Enweronu-Laryea Christabel C, Sagoe Kwamena W C, Glover-Addy Hope, Asmah Richard H, Mingle Julius A, Armah George E
Department of Child Health, University of Ghana Medical School, Accra, Ghana.
J Infect Dev Ctries. 2012 Feb 13;6(2):148-55. doi: 10.3855/jidc.1667.
Vaccination is the most effective preventive strategy against rotavirus disease. Regional differences in prevalent rotavirus genotypes may affect vaccine efficacy. Pre-vaccine surveillance for burden of rotavirus disease, prevalent rotavirus genotypes, and association between rotavirus disease and intussusceptions helps in monitoring the impact of vaccination.

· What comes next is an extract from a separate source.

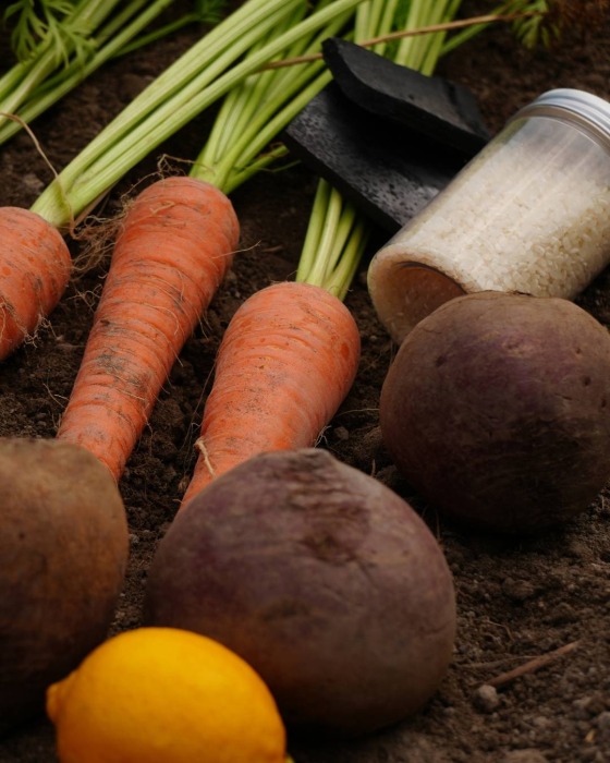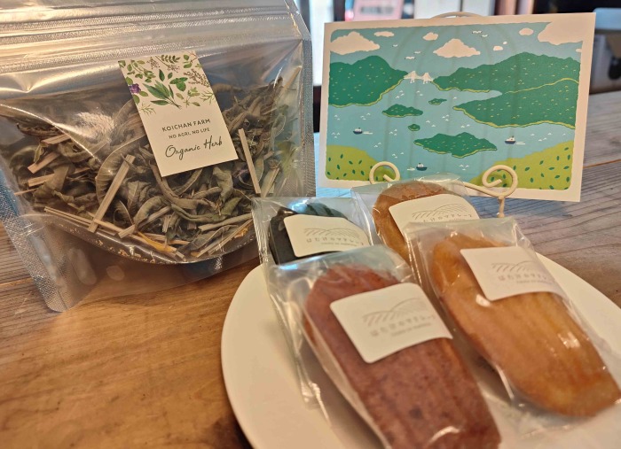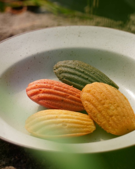 瀬戸内の野菜・果物と広島産の米粉を使った、小麦、卵、乳製品不使用の、からだにやさしいマドレーヌ。豆乳、豆乳バターのほか、甘味には甜菜糖やメイプルシロップを使っている。味はプレーン、人参、ほうじ茶、竹炭、レモン、ビーツの6種類。人参は02のしもみん農園の恋人参、ほうじ茶は上記のTeto tetoのほうじ茶を使用。

A prospective study was conducted from January 2008 to December 2009 in children younger than five years hospitalized for longer than 24 hours with acute gastroenteritis. Data on confirmed cases of intussusception were collected retrospectively. Stools were tested by enzyme immunoassay, reverse-transcriptase polymerase chain reaction and nucleotide sequencing.

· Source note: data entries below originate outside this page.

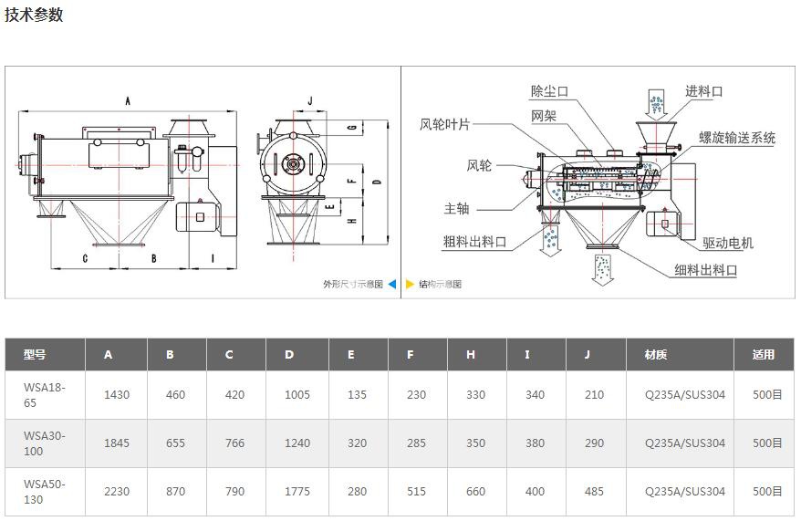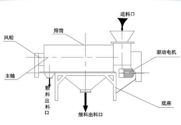 本设备筛网为圆筒状,置于机体内,物料通过螺旋输送系统后与气流混合、雾化进入网筒内,通过网筒内风轮叶片使物料同时受到离心力和旋风推进力,从而使物料喷射过网,过网的物料从细料排出口排出,不能过网的物料沿筒壁从粗料排出口排出,达到有效分离的目的。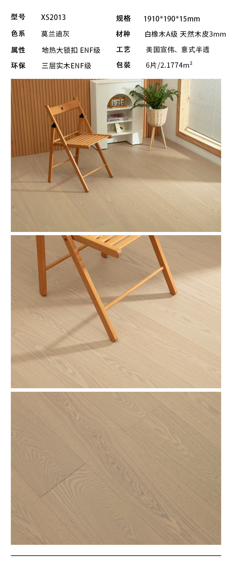 Трехслойный паркет из массива дерева, белый дуб, для спальни, серия цветов Моранди, класс ENF, самоклеящийся паркет.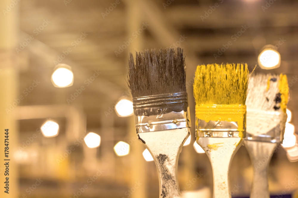 Old Paint brush used resting on paint background for design,selective focus under yellow light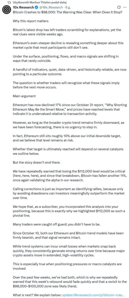 Eksperci rynkowi, jak Julian Pineda, analityk CFA, wskazują, że korekta ta jest głównie napędzana przez utrzymującą się presję sprzedaży wynikającą z odpływu kapitału z rynku BTC. Utrata atrakcyjności Bitcoina może być spowodowana rotacją kapitału w kierunku tradycyjnych aktywów, takich jak akcje technologiczne czy złoto, szczególnie pod koniec roku, kiedy profesjonalni inwestorzy dokonują rebalansowania portfeli, co zauważa Markus Thielen, dyrektor generalny 10X Research. Niektórzy analitycy, jak ci z giełdy Bitfinex, uspokajają jednak, sugerując, że odpływy z ETF-ów to „przejściowa słabość, a nie ryzyko strukturalne”, interpretując ten ruch jako stopniowe realizowanie zysków przez dużych posiadaczy, a nie paniczną wyprzedaż.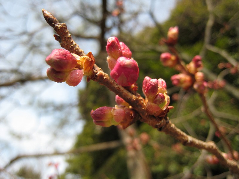 寒緋桜に続いて咲く桜です。 開花は来月の頭頃でしょうか。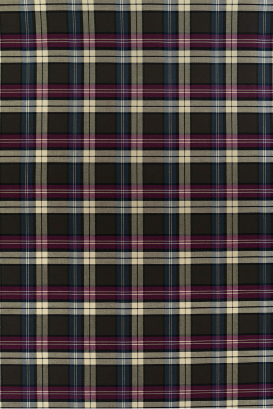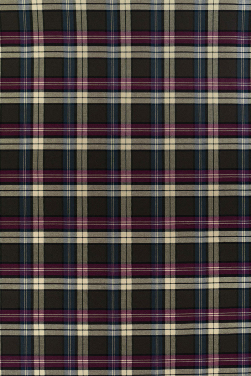 Tessuto costume italiano a scacchi (10 cm) nei colori beige, viola, blu e verde oliva. Un tessuto morbido con una trama fitta che ricorda la lana. Perfetto per cucire un abito, un pantalone, una gonna o un vestito.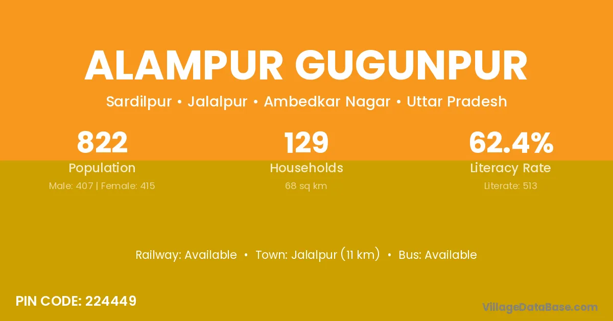 Alampur Gugunpur village has a total population of 822 people, of which 407 are males and 415 are females.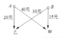 我县黄泛区农场有A、B两个果园,分别收获水果380件,320件,现需把这些水果全部运往甲、乙两个销售点,每件运费如图所示。现甲销售点需水果400件,乙销售点需水果300件.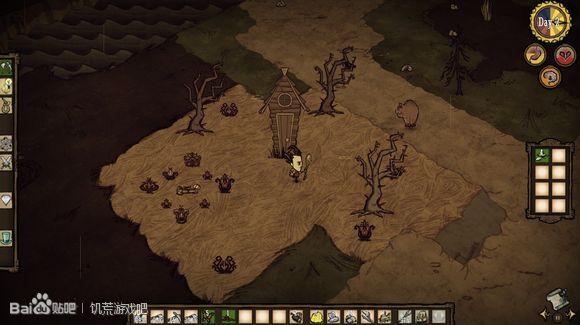新手总问哪里做基地好,我现在站的地方就不错,等你移植些浆果,做出回力镖来,靠兔子就能维持生计,而且离干草近,也很不错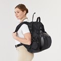 A feature packed backpack for all of life’s equestrian adventures, this stylish bag in Kerrits exclusive Chevron Bits design is reinforced with faux leather accents where durability matters most. Padded mesh lined shoulder pads are ergonomically contoured to fit a woman’s shape. In addition to the roomy main dual zipper compartment, storage solutions have been specifically designed for a helmet, riding crop, laptop, water bottle, sunglasses and phone, and keys so the essentials stay organized, and riders can be ready no matter what the day holds.

Acute gastroenteritis (AGE) caused 13.1% (2,147/16,348) of hospitalizations among children under five years. Stools were tested for 50.2% (1077/2147) of AGE cases. Of these, 49% (528/1077) were rotavirus positive. Rotavirus gastroenteritis, non-rotavirus gastroenteritis, and intussusceptions were most prevalent in children under 15 months [80.3%, 74% and 91% respectively]. Rotavirus was detected from more than 60% of acute gastroenteritis cases during peak months. The prevalence of intussusception showed no seasonal pattern. The peak ages of six to twelve months for acute gastroenteritis and five to eight months for intussusception overlapped. G1, G2 and mixed G/P genotypes were common in the isolated rotaviruses.

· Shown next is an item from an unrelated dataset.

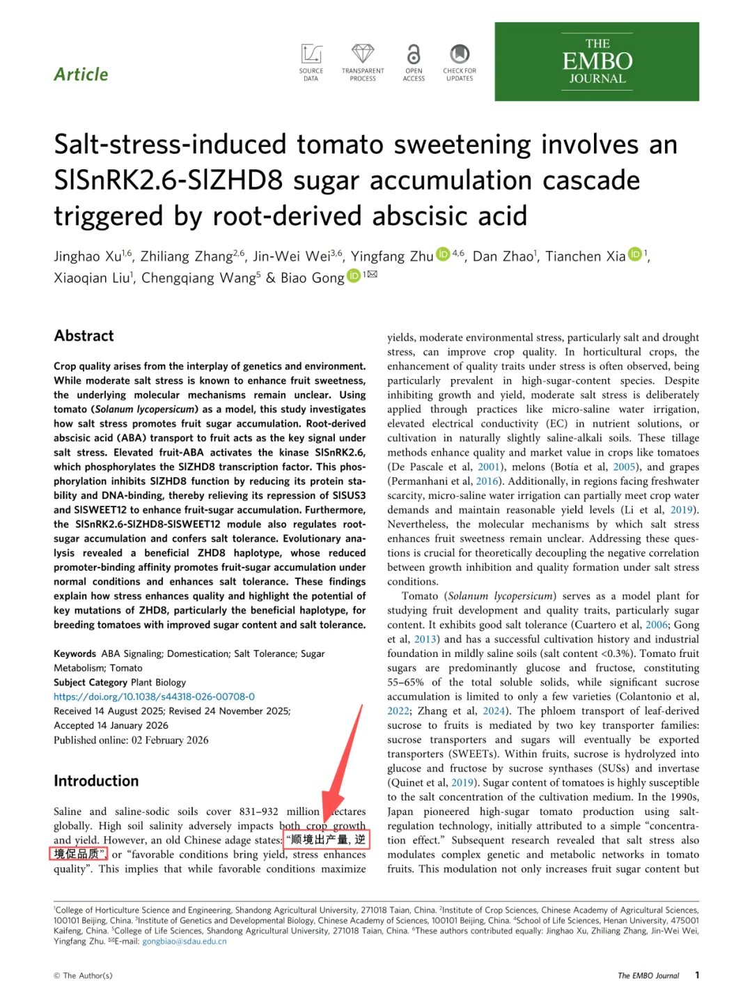 习近平总书记指出,“18亿亩耕地红线要守住,5亿亩盐碱地也要充分开发利用。如果耐盐碱作物发展起来,对保障中国粮仓、中国饭碗将起到重要作用。”从分子机制到田间实践,该研究不仅揭示了“逆境促品质”的科学内涵,也为盐碱地资源化利用与特色农业发展提供了关键技术支撑。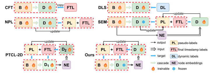 PTCL的方法的概述:利用动态图骨干网络和解码器,进行链接预测和时间戳标签的细化。预热阶段的链接预测任务为后续的伪标签细化提供了基础,而时间课程学习策略则确保了伪标签的质量。

Rotavirus gastroenteritis causes significant morbidity in children younger than five years of age in Ghana. Although the peak age of rotavirus gastroenteritis and intussusceptions overlapped, there was no seasonal correlation between them. The high prevalence of mixed G/P genotypes in Ghanaian children may affect the effectiveness of vaccination.
接种疫苗是预防轮状病毒疾病最有效的策略。流行的轮状病毒基因型的区域差异可能会影响疫苗效力。疫苗接种前对轮状病毒疾病负担、流行的轮状病毒基因型以及轮状病毒疾病与肠套叠之间关联的监测,有助于监测疫苗接种的影响。
2008年1月至2009年12月,对因急性胃肠炎住院超过24小时的5岁以下儿童进行了一项前瞻性研究。回顾性收集确诊肠套叠病例的数据。粪便通过酶免疫测定、逆转录聚合酶链反应和核苷酸测序进行检测。
急性胃肠炎(AGE)导致5岁以下儿童住院病例的13.1%(2147/16348)。对50.2%(1077/2147)的AGE病例进行了粪便检测。其中,49%(528/1077)为轮状病毒阳性。轮状病毒胃肠炎、非轮状病毒胃肠炎和肠套叠在15个月以下儿童中最为常见[分别为80.3%、74%和91%]。在高峰月份,超过60%的急性胃肠炎病例检测到轮状病毒。肠套叠的患病率没有季节性模式。急性胃肠炎的高峰年龄为6至12个月,肠套叠的高峰年龄为5至8个月,两者重叠。分离出的轮状病毒中,G1、G2和混合G/P基因型较为常见。
轮状病毒胃肠炎在加纳5岁以下儿童中导致了显著的发病率。尽管轮状病毒胃肠炎和肠套叠的高峰年龄重叠,但它们之间没有季节性关联。加纳儿童中混合G/P基因型的高流行率可能会影响疫苗接种的效果。